*** Block opens ***

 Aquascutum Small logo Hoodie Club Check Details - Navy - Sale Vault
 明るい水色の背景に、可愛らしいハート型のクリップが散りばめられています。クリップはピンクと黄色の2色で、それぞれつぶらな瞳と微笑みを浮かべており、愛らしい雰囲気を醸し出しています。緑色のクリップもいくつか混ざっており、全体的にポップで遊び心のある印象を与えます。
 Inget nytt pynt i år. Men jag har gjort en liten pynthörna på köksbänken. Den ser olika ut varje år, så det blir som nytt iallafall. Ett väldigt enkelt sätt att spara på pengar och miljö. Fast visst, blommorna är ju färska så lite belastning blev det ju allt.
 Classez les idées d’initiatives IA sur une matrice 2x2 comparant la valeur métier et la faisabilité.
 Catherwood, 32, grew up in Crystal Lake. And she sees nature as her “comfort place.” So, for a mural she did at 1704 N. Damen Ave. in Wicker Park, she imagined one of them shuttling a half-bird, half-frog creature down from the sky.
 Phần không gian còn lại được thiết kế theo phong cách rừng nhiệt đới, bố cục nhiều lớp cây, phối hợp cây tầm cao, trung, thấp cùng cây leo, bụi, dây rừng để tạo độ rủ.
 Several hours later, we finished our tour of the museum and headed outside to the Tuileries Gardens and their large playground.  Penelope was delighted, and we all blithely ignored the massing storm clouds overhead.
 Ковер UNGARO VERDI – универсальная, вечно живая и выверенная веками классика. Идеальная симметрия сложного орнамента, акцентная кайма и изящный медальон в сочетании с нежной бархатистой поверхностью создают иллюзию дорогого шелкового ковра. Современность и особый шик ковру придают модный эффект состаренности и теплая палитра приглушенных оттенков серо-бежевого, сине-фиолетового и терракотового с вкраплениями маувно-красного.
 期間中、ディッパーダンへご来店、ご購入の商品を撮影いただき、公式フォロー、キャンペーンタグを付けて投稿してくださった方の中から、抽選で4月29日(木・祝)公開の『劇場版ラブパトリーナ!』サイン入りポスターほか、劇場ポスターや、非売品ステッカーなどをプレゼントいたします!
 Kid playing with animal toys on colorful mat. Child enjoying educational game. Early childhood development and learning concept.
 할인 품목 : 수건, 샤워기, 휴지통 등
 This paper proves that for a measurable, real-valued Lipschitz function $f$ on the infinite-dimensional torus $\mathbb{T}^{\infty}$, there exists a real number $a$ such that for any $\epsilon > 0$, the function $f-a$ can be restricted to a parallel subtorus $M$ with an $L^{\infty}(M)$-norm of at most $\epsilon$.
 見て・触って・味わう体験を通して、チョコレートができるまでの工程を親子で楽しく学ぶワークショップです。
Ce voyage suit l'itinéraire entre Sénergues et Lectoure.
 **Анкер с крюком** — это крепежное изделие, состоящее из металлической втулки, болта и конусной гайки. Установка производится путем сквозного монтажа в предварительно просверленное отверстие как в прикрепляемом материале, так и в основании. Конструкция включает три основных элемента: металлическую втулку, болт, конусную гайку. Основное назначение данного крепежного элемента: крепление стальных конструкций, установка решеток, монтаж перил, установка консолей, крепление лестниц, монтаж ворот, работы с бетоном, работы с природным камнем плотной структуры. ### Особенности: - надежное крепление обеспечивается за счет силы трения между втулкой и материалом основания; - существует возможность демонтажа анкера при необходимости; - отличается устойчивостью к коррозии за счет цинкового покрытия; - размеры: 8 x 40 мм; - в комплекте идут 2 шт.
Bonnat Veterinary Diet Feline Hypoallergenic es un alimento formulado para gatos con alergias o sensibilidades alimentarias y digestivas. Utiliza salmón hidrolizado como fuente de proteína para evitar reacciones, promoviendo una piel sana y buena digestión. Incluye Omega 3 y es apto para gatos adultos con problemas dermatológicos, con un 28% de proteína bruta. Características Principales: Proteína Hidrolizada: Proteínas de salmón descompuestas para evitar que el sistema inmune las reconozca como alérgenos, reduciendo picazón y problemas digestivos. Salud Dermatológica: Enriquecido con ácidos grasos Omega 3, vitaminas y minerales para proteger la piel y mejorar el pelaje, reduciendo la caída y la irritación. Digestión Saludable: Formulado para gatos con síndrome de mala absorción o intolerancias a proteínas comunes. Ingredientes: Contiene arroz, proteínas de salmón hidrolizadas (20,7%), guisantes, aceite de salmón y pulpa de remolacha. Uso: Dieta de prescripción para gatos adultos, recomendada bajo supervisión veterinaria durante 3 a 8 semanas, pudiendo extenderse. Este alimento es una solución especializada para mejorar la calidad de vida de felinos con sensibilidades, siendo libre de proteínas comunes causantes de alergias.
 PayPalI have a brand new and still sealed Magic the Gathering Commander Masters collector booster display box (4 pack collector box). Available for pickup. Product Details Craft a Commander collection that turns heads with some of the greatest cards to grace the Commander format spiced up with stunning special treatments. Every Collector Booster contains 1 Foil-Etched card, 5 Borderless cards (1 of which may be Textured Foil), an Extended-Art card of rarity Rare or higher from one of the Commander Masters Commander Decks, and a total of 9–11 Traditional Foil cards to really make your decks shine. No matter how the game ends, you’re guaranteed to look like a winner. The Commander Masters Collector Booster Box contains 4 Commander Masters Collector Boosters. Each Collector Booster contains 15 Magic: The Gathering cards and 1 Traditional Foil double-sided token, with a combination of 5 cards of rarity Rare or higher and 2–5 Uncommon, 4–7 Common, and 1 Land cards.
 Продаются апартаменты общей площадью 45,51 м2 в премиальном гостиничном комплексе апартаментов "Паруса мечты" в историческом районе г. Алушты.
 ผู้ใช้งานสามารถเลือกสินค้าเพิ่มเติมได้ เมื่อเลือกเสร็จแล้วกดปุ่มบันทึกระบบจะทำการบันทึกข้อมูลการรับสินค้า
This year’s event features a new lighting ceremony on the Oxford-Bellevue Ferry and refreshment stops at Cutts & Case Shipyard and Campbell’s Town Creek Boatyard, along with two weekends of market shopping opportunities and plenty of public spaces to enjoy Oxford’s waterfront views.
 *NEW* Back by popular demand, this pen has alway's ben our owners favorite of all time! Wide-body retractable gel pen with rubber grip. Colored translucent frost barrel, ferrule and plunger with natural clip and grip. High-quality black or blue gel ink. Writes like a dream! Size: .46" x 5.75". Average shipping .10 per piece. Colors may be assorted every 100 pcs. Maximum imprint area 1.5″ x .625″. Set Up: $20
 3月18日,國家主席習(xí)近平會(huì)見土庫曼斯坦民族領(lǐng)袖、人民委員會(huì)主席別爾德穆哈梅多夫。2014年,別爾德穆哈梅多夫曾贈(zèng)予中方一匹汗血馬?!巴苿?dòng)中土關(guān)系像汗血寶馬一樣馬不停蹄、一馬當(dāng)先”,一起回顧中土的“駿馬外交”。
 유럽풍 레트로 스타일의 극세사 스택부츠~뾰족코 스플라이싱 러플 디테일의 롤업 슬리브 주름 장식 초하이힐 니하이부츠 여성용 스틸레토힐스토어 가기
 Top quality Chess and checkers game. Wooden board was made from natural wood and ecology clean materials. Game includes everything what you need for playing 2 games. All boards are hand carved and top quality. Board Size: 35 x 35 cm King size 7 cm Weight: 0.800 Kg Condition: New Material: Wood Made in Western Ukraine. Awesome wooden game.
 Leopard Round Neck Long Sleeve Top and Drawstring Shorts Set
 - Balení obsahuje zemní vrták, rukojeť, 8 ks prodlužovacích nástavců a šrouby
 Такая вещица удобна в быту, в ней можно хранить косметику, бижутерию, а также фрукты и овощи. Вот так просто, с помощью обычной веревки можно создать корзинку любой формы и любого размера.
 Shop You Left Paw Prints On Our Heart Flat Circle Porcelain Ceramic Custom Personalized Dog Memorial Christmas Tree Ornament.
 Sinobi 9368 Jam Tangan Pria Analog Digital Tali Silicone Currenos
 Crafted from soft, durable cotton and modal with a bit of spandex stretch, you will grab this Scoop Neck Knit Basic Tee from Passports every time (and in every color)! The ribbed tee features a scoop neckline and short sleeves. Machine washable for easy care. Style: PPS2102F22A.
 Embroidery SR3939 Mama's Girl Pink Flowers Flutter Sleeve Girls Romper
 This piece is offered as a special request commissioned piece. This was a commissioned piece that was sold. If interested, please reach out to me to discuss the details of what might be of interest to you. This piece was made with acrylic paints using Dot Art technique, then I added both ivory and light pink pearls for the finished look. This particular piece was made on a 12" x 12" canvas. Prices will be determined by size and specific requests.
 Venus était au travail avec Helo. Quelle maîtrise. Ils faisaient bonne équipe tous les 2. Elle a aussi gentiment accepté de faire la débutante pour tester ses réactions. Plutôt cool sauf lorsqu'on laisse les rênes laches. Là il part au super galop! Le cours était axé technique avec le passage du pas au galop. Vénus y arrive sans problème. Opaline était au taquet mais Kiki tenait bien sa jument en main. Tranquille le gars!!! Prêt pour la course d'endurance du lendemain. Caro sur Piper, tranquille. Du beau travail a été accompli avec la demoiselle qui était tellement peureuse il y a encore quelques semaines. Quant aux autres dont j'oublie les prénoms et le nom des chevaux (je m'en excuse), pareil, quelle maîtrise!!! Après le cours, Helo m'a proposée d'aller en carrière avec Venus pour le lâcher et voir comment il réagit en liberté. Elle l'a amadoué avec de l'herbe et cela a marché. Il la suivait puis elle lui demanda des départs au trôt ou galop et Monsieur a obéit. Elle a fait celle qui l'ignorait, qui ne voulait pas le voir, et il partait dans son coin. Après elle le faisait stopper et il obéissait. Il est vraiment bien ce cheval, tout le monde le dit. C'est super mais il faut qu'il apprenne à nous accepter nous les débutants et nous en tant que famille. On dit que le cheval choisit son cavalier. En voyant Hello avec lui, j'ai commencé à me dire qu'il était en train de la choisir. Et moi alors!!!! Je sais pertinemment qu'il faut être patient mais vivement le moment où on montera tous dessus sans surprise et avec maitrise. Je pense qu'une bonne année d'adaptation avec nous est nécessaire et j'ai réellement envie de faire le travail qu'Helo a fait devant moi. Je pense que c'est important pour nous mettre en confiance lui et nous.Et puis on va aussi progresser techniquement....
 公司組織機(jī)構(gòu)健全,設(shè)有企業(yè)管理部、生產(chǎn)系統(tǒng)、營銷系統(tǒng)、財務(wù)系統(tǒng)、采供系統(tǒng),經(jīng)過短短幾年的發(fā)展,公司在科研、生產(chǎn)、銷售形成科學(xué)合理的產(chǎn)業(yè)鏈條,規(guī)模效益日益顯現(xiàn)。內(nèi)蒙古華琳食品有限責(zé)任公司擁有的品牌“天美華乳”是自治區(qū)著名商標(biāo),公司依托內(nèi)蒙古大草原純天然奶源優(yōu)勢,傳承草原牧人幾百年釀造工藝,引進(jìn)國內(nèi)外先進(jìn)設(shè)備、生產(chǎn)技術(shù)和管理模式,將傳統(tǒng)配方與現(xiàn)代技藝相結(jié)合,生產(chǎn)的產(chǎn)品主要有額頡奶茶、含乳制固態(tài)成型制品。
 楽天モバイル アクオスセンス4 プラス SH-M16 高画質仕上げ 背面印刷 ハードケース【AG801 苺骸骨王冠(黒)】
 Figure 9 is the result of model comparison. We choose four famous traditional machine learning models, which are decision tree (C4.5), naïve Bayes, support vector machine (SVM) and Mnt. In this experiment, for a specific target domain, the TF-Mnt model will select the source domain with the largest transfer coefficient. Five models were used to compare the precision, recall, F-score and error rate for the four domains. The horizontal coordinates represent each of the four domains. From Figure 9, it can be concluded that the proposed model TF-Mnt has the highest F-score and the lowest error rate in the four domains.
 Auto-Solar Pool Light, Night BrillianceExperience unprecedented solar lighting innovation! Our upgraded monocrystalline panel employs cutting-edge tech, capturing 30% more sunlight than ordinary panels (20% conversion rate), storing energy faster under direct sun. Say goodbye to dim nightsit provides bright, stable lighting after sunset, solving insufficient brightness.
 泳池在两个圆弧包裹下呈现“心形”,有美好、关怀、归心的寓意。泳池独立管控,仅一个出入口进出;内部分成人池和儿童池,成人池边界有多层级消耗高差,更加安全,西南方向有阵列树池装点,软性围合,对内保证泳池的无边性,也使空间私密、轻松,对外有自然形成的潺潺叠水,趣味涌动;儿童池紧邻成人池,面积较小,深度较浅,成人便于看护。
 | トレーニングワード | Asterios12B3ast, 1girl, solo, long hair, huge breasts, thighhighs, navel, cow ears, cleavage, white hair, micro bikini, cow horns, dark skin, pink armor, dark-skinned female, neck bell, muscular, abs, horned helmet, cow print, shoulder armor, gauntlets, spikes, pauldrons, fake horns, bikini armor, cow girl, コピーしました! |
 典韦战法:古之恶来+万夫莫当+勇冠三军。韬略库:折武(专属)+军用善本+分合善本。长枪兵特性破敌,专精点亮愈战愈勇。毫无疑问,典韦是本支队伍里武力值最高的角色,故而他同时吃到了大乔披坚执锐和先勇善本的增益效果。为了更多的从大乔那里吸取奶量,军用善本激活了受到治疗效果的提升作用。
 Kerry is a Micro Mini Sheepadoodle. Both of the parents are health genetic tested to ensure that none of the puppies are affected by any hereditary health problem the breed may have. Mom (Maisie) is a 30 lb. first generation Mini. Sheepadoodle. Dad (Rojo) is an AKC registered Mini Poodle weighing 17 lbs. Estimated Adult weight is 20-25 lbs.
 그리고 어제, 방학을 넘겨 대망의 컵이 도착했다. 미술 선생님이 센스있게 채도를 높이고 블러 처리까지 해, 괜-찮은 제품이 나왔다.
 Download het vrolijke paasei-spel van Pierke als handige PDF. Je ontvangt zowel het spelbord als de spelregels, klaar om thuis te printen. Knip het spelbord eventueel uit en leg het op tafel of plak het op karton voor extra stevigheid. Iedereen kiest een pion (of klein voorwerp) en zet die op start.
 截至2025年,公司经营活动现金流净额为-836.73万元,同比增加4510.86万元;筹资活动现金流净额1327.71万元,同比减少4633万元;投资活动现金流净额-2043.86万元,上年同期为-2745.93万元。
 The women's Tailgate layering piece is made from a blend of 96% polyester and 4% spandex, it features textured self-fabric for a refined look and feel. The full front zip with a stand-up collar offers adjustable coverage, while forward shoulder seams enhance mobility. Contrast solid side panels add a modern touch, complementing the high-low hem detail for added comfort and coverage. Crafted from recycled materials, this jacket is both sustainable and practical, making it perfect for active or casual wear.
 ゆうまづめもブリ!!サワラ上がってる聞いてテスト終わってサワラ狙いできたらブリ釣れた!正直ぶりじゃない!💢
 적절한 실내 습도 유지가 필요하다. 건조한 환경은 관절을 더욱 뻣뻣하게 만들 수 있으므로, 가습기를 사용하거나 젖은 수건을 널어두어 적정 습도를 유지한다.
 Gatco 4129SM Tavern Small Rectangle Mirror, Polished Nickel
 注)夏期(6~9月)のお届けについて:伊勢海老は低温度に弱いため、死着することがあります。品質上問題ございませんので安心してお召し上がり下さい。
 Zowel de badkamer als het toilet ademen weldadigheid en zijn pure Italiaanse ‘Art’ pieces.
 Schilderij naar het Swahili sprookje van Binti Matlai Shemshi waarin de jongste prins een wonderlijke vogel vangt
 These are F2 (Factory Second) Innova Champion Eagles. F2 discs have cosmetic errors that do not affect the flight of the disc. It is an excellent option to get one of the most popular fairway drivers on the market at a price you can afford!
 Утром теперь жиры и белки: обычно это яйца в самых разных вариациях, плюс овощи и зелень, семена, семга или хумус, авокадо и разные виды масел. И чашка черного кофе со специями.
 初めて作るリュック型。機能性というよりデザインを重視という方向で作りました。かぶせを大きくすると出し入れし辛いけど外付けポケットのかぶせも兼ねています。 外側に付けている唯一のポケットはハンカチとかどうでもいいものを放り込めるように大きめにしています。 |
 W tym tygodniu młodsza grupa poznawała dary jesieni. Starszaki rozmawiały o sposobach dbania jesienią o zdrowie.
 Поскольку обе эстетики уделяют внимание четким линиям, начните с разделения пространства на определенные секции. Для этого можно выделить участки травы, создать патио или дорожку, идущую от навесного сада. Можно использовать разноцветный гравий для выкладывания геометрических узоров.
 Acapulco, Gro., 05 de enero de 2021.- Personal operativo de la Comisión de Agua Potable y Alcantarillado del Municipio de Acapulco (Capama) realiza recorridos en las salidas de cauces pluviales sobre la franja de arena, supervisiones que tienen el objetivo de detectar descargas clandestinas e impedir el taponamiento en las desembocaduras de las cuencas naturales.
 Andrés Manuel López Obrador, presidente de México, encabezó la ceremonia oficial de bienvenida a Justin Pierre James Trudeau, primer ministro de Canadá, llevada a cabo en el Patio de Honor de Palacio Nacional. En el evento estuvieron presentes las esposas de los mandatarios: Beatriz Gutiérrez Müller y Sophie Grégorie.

*** Block closes ***

PROBLEM STATEMENT
Take the listing above from its first line through the line containing "明るい水色の背景に、可愛らし", and transcribe that stretch exactly, with no other lines.

RESPONSE AREA
 Aquascutum Small logo Hoodie Club Check Details - Navy - Sale Vault
 明るい水色の背景に、可愛らしいハート型のクリップが散りばめられています。クリップはピンクと黄色の2色で、それぞれつぶらな瞳と微笑みを浮かべており、愛らしい雰囲気を醸し出しています。緑色のクリップもいくつか混ざっており、全体的にポップで遊び心のある印象を与えます。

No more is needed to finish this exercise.